Let $g:(\alpha,\beta)\rightarrow\mathbb{R}$ be a twice differentiable function such that $$g(x)=\frac{x^2g''(x)+xg'(x)}{x^2+1},$$ and $0<\alpha<\beta$. Assuming, $g(\alpha)=g(\beta)=0$, is it the case that $g(x)=0$ for all $x\in(\alpha,\beta)$?

For the sake of contradiction, I assume there exists $\alpha<x<\beta$ such that $g(x)>0$. By mean value, there exist $\alpha<x_1<x<x_2<\beta$ and $g'(x_2)<0<g'(x_1)$. By intermediate value, there exists $x_3\in(x_1,x_2)$ such that $g'(x_3)=0$. So $$g(x_3)(x_3^2+1)=x_3^2g''(x_3).$$ I want to use the sign of $g''(x_3), g(x_3)$ to draw conclusions about $x_3$. But if one of $g(x_3),g''(x_3)$ is zero, then other is zero too. We have no way to guarantee that both are nonzero. As a result this approach seems dead.

Any other strategy I can try?

Edit: I think this conjecture is not right. For example, what could go wrong if $g$ is oscillating on the points between $\alpha$ and $\beta$?

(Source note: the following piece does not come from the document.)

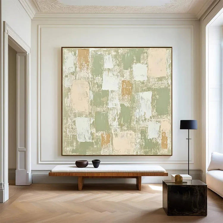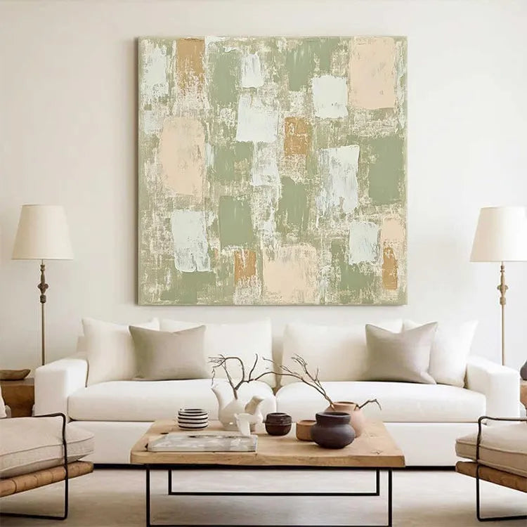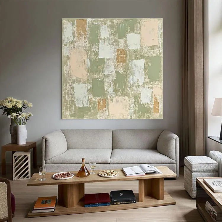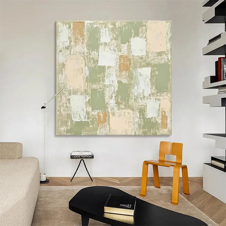 This painting exhibits a textured, abstract style reminiscent of the Abstract Expressionism movement, characterized by its emphasis on texture and spontaneous brushwork. The composition consists of irregular, patch-like shapes in muted green, beige, and white colors, creating a sense of layered depth and fragmentation. The rough, almost worn texture suggests a deliberate use of thick, visible brushstrokes, adding a tactile quality to the visual experience. The juxtaposition of soft pastel hues against the green background evokes a sense of calm yet subtle tension. The use of color is restrained, focusing on earthy tones, which may symbolize a connection to nature or the passage of time. The overall effect is one of quiet contemplation and introspection, inviting the viewer to explore the interplay between color, texture, and form.
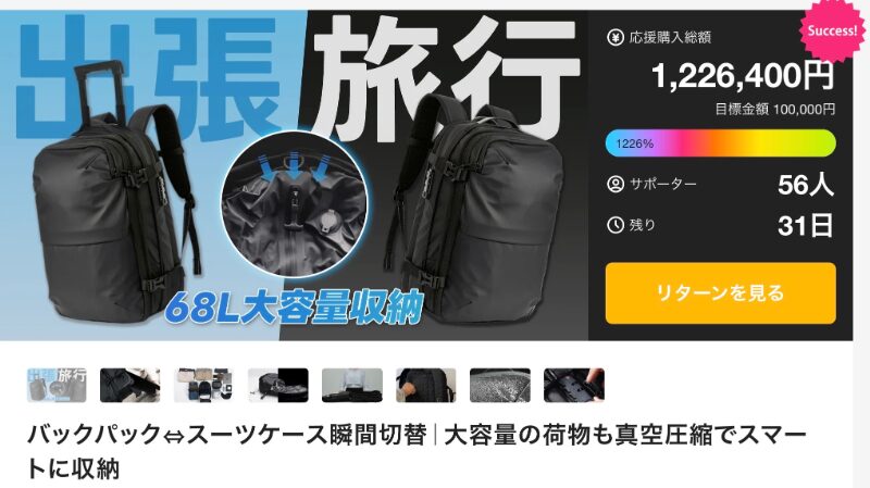 目標10万円に対し120万円、支援者50人という数字は、派手さよりも実用性を重視する層からの確かな支持を示しています。SETO WORKSが描くのは、移動そのものを快適にする未来です。荷物が減ることで、行動範囲は広がり、判断は軽くなります。CANZ AIRは、旅を「準備の負担」から解放し、本来の目的に集中させてくれる存在と言えるでしょう。

Let $g$ denote a continuous, second differentiable function satisfying

$$ (x^2+1)g(x)=x^2g^{\prime\prime}(x)+xg^\prime(x) $$

Furthermore, let it be given that there is an $\alpha<\beta$ such that $g(\alpha)=g(\beta)=0$.

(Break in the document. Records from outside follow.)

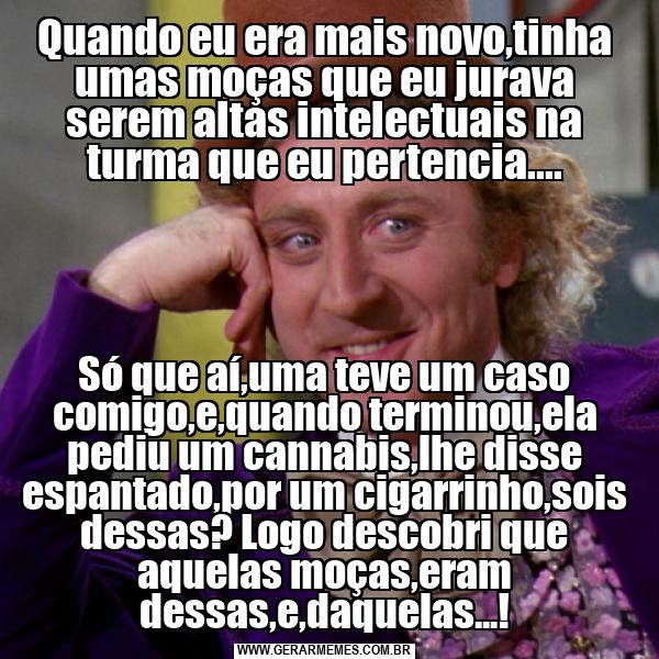 Quando eu era mais novo,tinha umas moças que eu jurava serem altas intelectuais na turma que eu pertencia.... Só que aí,uma teve um caso comigo,e,quando terminou,ela pediu um cannabis,lhe disse espantado,por um cigarrinho,sois dessas? Logo descobri que aquelas moças,eram dessas,e,daquelas...!
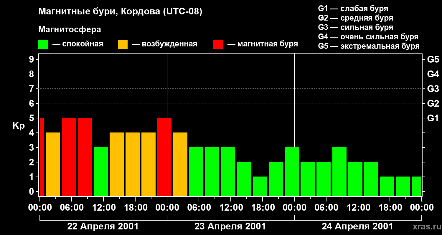 Изменения геомагнитного индекса Kp с 22 по 24 апреля 2001 года для средних широт
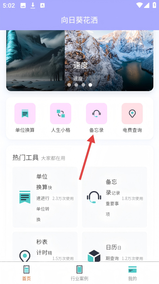 向日葵花洒是一款整合实用生活工具与多元行业案例的综合服务工具,面向日常用户与职场学习者,以功能实用与体验便捷为核心。它将单位换算、备忘录、电费查询、秒表等高频工具直观呈现,覆盖生活各类场景需求,同时推送大量多领域行业案例,以清晰图文展示细节。用户可快速调用工具解决日常问题,也能浏览案例汲取经验,操作简单且覆盖场景广,为生活与成长提供双重助力。
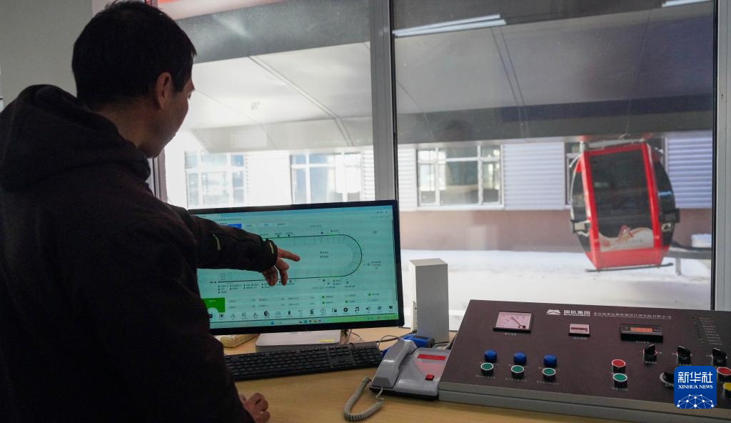 12月2日,吉林市北大湖滑雪度假區纜車站工作人員使用智慧化裝備操作纜車運作。新華社記者 顏麟蘊 攝
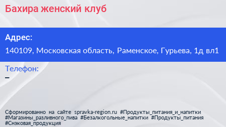 Бахира, женский клуб по адресу 140109, Московская область, Раменское, Гурьева, 1д вл1 в дальнейшем Организация, размещена в следующих категориях:
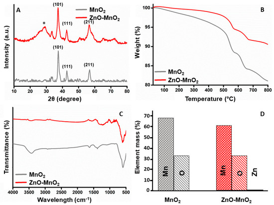 Characterization of nanoparticles. (A) Comparative X-ray diffractogram for the MnO2 NPs (grey line) or ZnO-MnO2 NPs (red line) scanned between 2θ 10 and 80 (* indicates diffraction signal); (B) results from the thermogravimetric analysis of MnO2 NPs (grey line) or ZnO-MnO2 NPs (red line) in the range from 25 °C to 800 °C; (C) Fourier transform infrared spectrum of MnO2 NPs (grey line) or ZnO-MnO2 NPs (red line) in the range from 400 cm−1 to 4000 cm−1; (D) graphical illustration of elemental analysis of the MnO2 NPs (grey) or ZnO-MnO2 NPs (red).
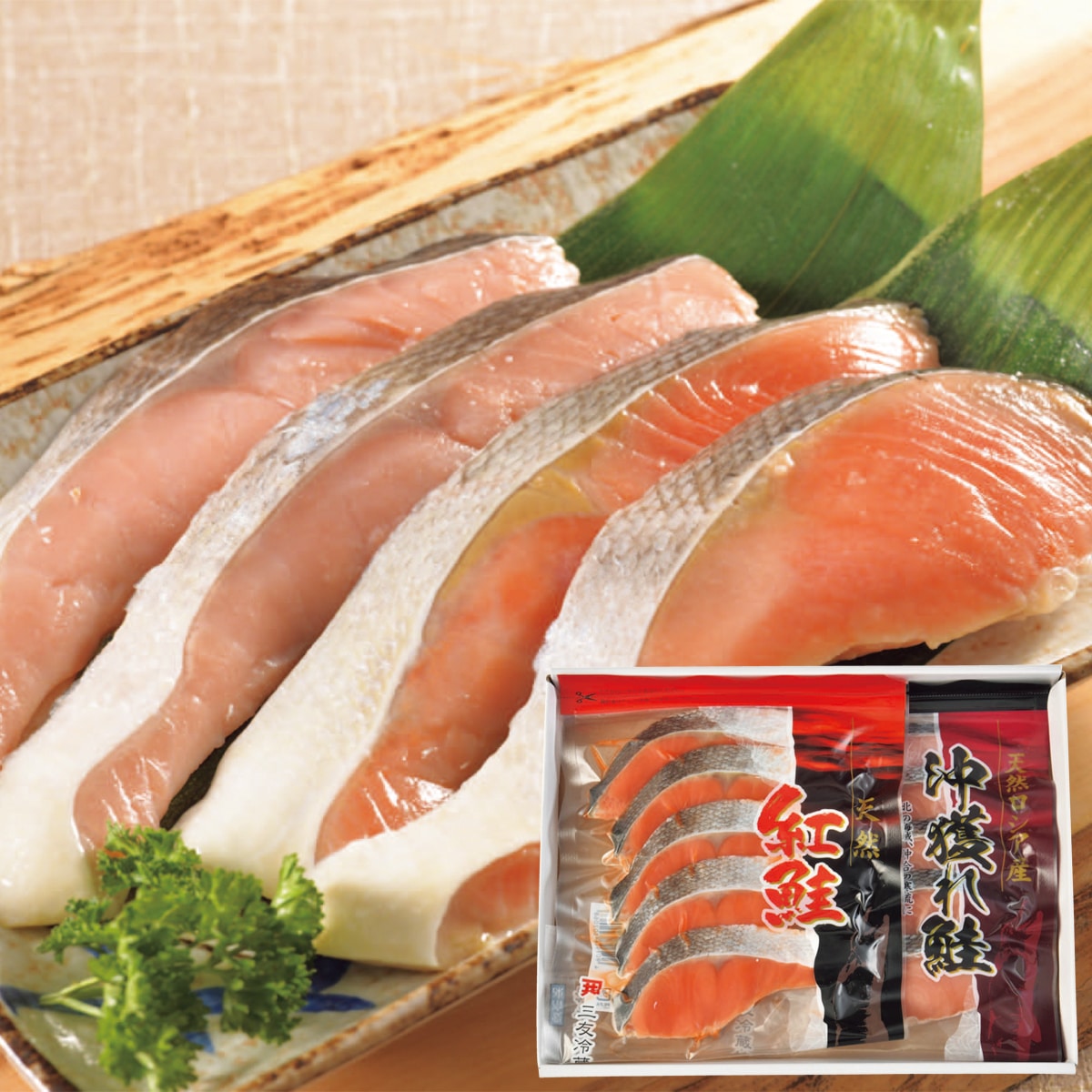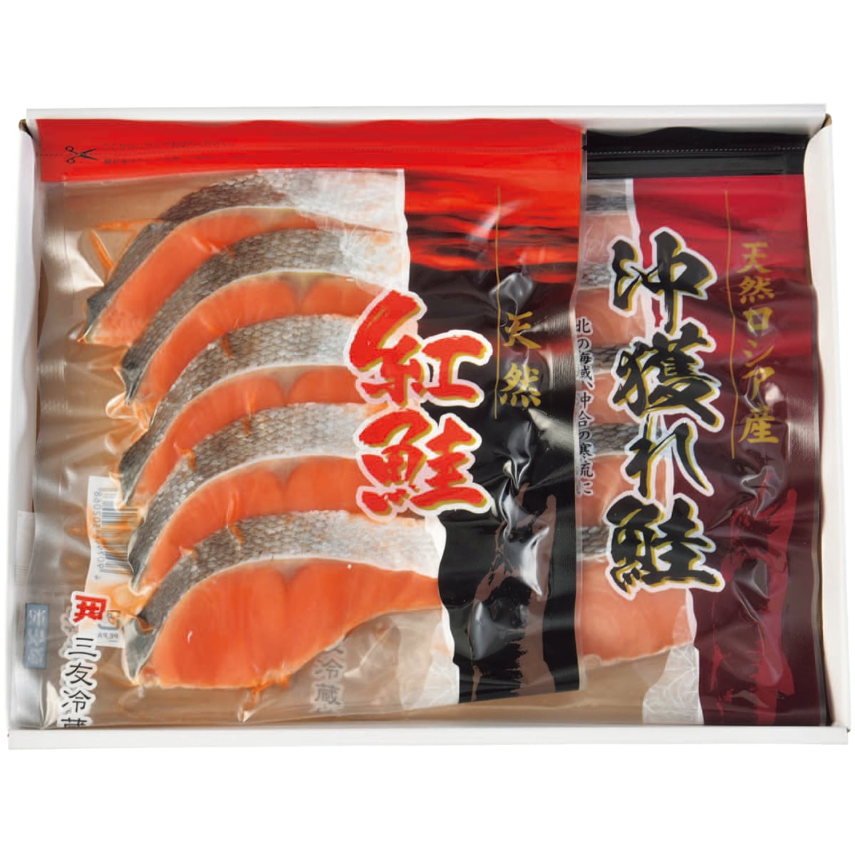 ■商品特徴:北洋でとれた紅鮭と沖獲れ鮭の切身セット

Assume there is an $x$ such that

  1. $\alpha<x<\beta$ and

  2. $g(x)>0$

Then $g$ has a maximum value $g(\xi)$ at some $x^\prime\in(\alpha)$ with $g^\prime(\xi)=0$, $g^{\prime\prime}(\xi)<0$ and $g(\xi)\ge g(x)$.

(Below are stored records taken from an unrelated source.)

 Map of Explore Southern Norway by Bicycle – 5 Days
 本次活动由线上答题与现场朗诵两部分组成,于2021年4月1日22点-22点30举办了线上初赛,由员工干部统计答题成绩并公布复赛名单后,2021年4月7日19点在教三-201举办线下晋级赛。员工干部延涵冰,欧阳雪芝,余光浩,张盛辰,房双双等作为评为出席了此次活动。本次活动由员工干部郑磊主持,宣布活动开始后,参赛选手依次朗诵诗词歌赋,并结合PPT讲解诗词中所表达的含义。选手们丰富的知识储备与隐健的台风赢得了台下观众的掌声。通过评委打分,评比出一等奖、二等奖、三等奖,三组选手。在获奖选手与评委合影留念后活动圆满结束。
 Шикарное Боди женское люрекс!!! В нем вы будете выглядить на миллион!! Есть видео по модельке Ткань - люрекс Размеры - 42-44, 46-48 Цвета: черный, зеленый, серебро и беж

Thus $(\xi^2+1)g(\xi)=\xi^2g^{\prime\prime}(\xi)$

But the left side of this equation is positive and the right side is negative, which is a contradiction.

If we assume that there is an $x\in(\alpha,\beta)$ for which $g(x)<0$ we get an analogous contradition.

Thus $g(x)=0$ for all $x\in(\alpha,\beta)$.